**MATERIAL PROVIDED:**
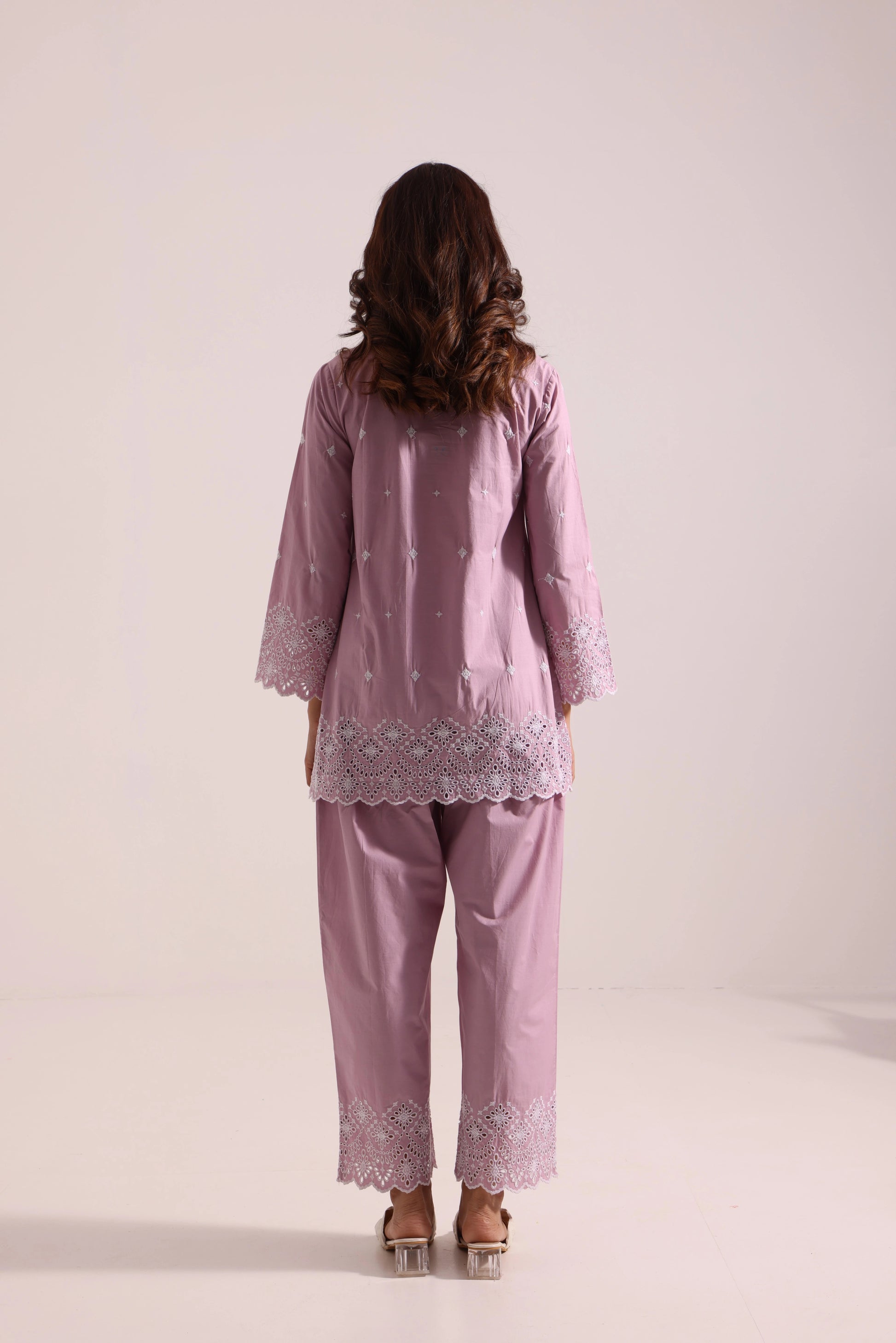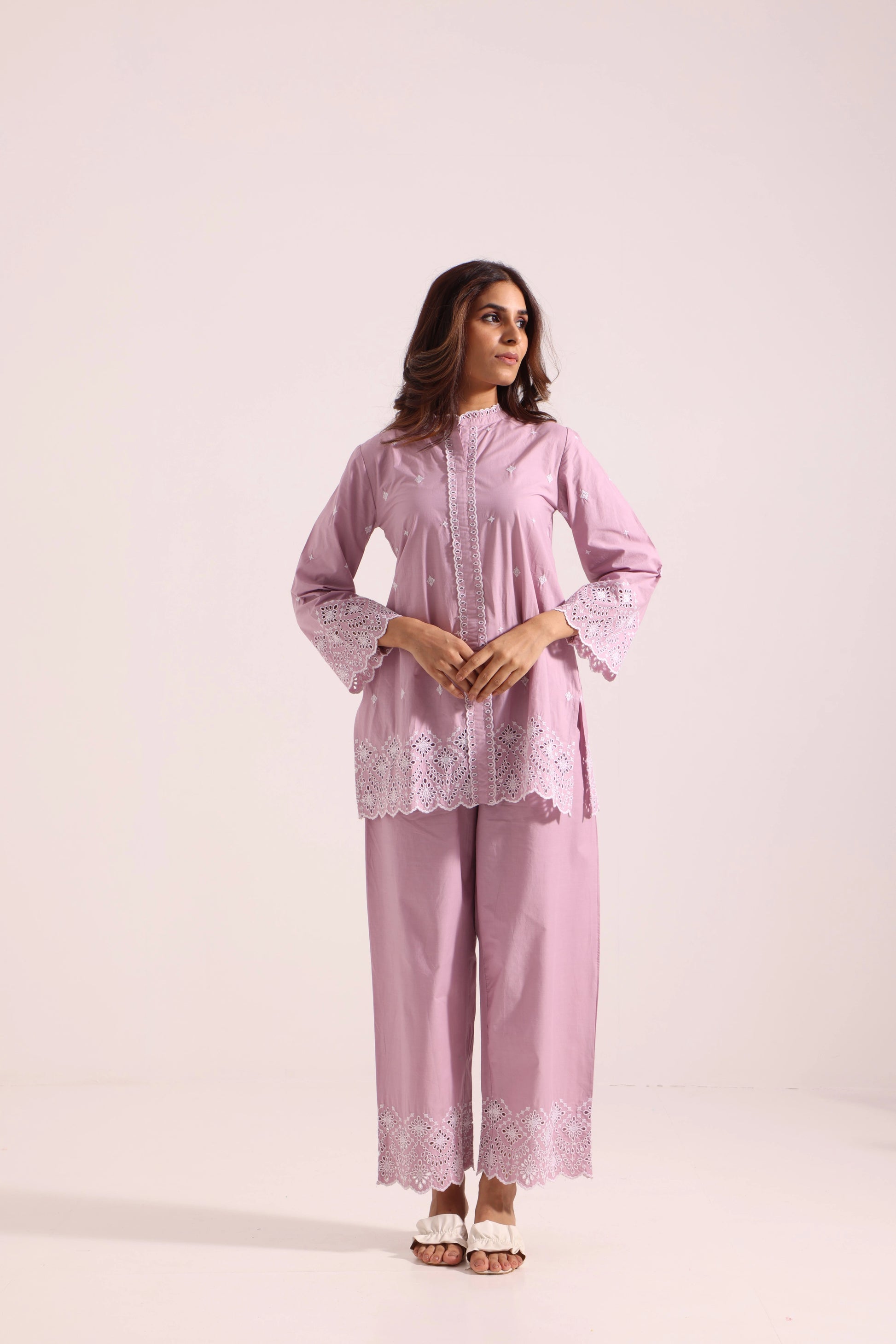 Step into effortless style with our beautifully crafted co-ord set. The top features delicate Schiffli embroidery that brings a touch of charm to the ensemble, while the relaxed-fit pants offer comfort and ease. Designed with two practical pockets, the pants are perfect for on-the-go convenience. This set strikes the perfect balance between casual and refined, making it a versatile choice for everything from daytime outings to evening gatherings.
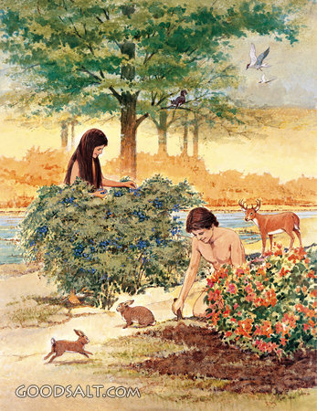 Jobs to Do for Adam and Eve Genesis 1:28-29 job, collection, adam, eve, garden, eden, trees, animals, birds, lifeway, karch art studio, lfwas0252, dieer, rabbits. PROJECTION - License for PowerPoint™ PRINT – buy a print of this picture; optional frame Bible Hub |
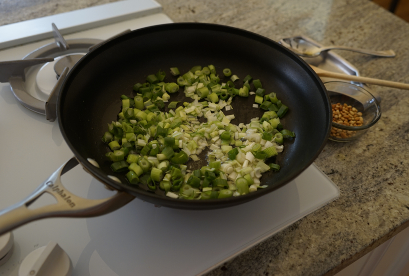 - Reduce heat to medium low and add green onions to remaining warm oil in skillet. Cook for about 4 minutes, stirring occasionally. Add garlic and cook 1 additional minute.
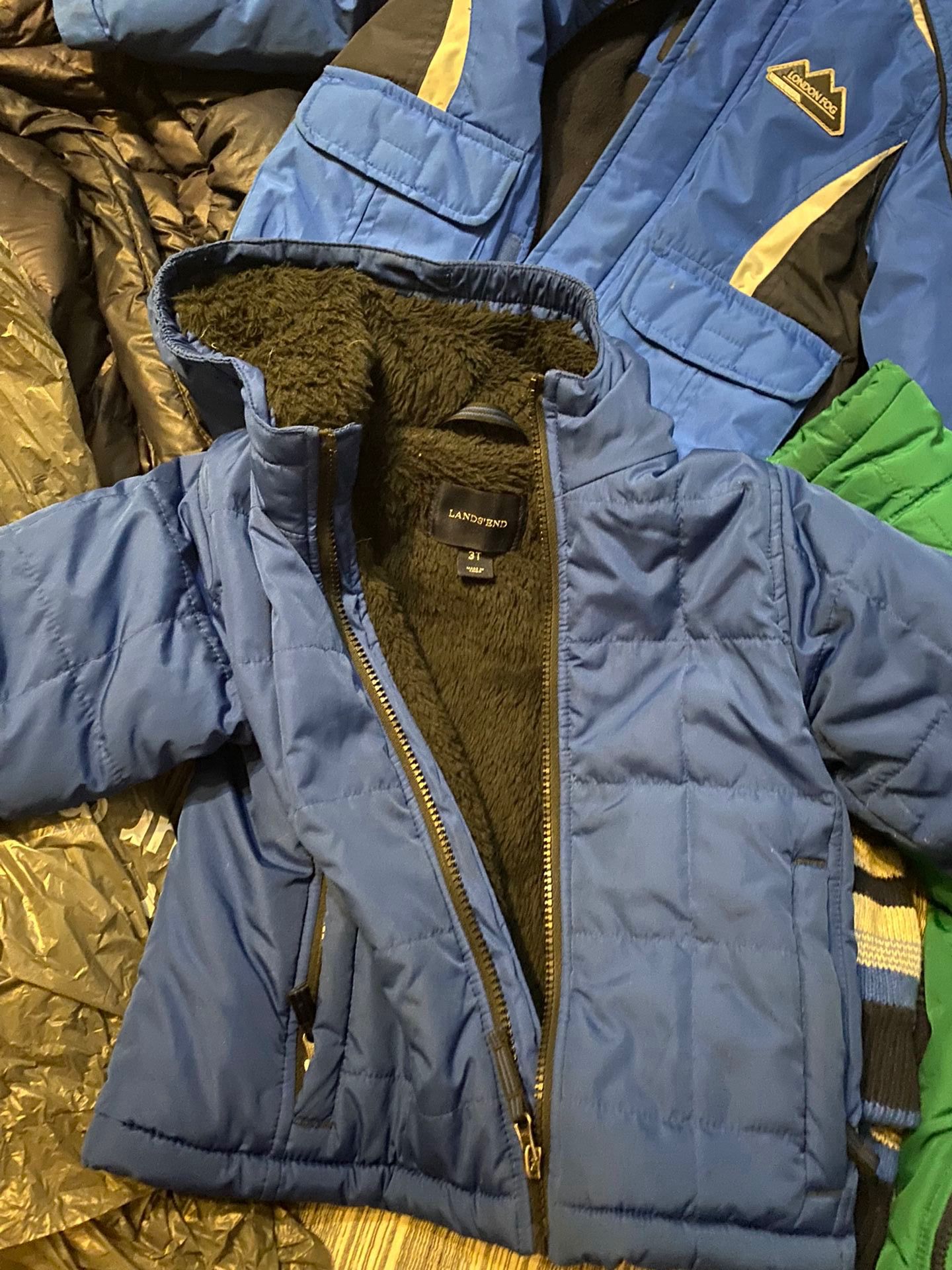 Lands end kids winter jackets (fuzzy blue one ) $10 Yellow and gray jacket is a snow jacket. $10 The London fog has a fleece liner can be used for the snow as well. $8 The maroon one is children’s Place puffer. $5 Gently used Great condition, Price is EACH Pick up Folsom area XP

**WHAT THE TASK REQUIRES:**
The required output is an exact copy of the lines from the one with "Jobs to Do for" through the final line of the data above, with pictures removed.

**TASK RESULT:**
 Jobs to Do for Adam and Eve Genesis 1:28-29 job, collection, adam, eve, garden, eden, trees, animals, birds, lifeway, karch art studio, lfwas0252, dieer, rabbits. PROJECTION - License for PowerPoint™ PRINT – buy a print of this picture; optional frame Bible Hub |
 - Reduce heat to medium low and add green onions to remaining warm oil in skillet. Cook for about 4 minutes, stirring occasionally. Add garlic and cook 1 additional minute.
 Lands end kids winter jackets (fuzzy blue one ) $10 Yellow and gray jacket is a snow jacket. $10 The London fog has a fleece liner can be used for the snow as well. $8 The maroon one is children’s Place puffer. $5 Gently used Great condition, Price is EACH Pick up Folsom area XP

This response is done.